__What is being asked__. After the line containing "- Select Create", copy nothing more; up to and including it, copy every line of the listing exactly from the first, leaving out the pictures.

__Given material__.

══════════

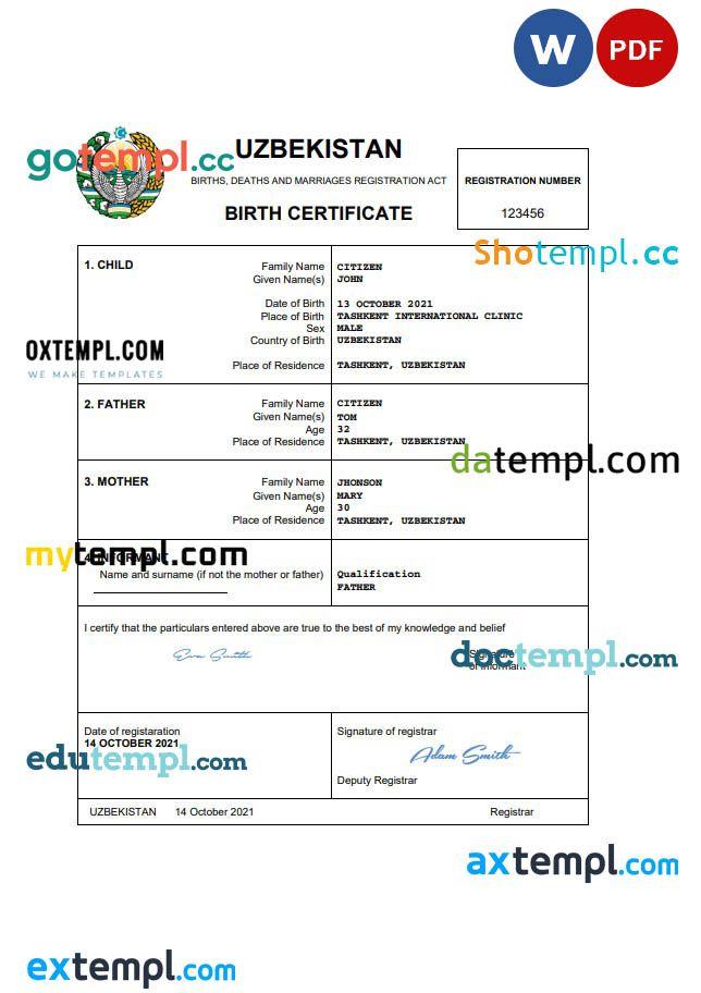 Here you see a fully scalable and editable Uzbekistan birth certificate template at the best price – well organized, named & very easy to use.
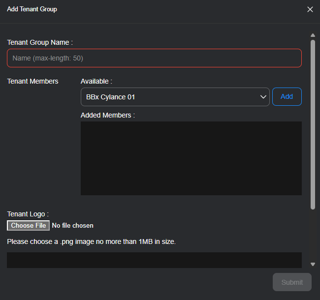 - Select Create to create a new tenant. The Add Tenant Group dialog box (described below) appears.
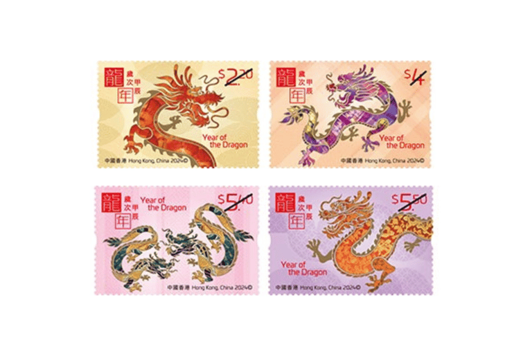 香港推出了四枚不同的龍年郵票,每張郵票中都分別加入不同的節慶元素。

══════════

__Exercise answer__.
 Here you see a fully scalable and editable Uzbekistan birth certificate template at the best price – well organized, named & very easy to use.
 - Select Create to create a new tenant. The Add Tenant Group dialog box (described below) appears.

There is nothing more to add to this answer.